Thursday, March 27, 2014

"Period appropriate" is relative


This last, overdue, post on A Tale of Two Cities at Lifeline Theatre is in not about anything I made. All of this glassware was purchased or pulled from stock.
The interesting challenge here was that the show took place in so many different locations. The disparities between those with money and without is also a huge theme in the show. I needed to have people drinking wine in four different scenes, in four different locations. 
Starting with the richest character in the richest setting, I used cut glass (meant to look like crystal) for the Marquis St Evremonde. Glasses like these would have been a more recent innovation at the time of the show, and only the rich would have owned it. 
One step below the Marquis, would be the Mannettes.
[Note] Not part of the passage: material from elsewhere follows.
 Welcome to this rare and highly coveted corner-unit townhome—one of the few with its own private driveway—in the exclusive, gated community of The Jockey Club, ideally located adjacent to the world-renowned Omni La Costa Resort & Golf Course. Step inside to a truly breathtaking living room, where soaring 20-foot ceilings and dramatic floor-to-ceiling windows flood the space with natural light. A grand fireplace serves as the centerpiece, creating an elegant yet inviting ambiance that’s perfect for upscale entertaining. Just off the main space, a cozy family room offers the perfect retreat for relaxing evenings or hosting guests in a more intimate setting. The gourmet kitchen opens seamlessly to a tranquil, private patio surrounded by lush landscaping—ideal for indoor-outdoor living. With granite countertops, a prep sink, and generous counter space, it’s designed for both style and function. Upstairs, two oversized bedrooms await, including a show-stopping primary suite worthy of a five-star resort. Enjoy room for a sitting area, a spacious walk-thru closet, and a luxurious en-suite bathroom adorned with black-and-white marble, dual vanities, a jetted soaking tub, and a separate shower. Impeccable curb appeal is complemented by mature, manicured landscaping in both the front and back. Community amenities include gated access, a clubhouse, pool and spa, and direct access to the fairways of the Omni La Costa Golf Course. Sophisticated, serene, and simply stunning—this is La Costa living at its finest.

I was thrilled to find these etched glasses at a local rental shop. They almost exactly matched some antique period glasses I had in my research. The ones at the time would have been a thicker glass, and not as perfectly matched (as they would have been hand-blown). Not as nice as the crystal, but solidly upper middle-class. 
Next came glasses at the English pub. I wanted to convey that this was a fairly nice place, but logically could not image any pub at the time using hand blown glass wine glasses. That would be far to expensive to purchase in bulk, in a place where they are likely to get broken. I knew found the right balance when I found these glasses made of brown glazed ceramic.  
And finally, the lowest class glasses would have been in the Defarge wine shop. They sold cheap wine to the poorest villagers in their suburb of Paris. The glasses in that shop only needed to be functional, cheap, and easy to replace. These clay mugs were the perfect solution. 
Working through these different wine glasses served as a good reminder of the importance of research. It can be very easy, especially when working on shows set further in the past, to find one or two images research images and move on; "That is what wine glasses looked like in 1790." But class, region and wealth also need to be factored in.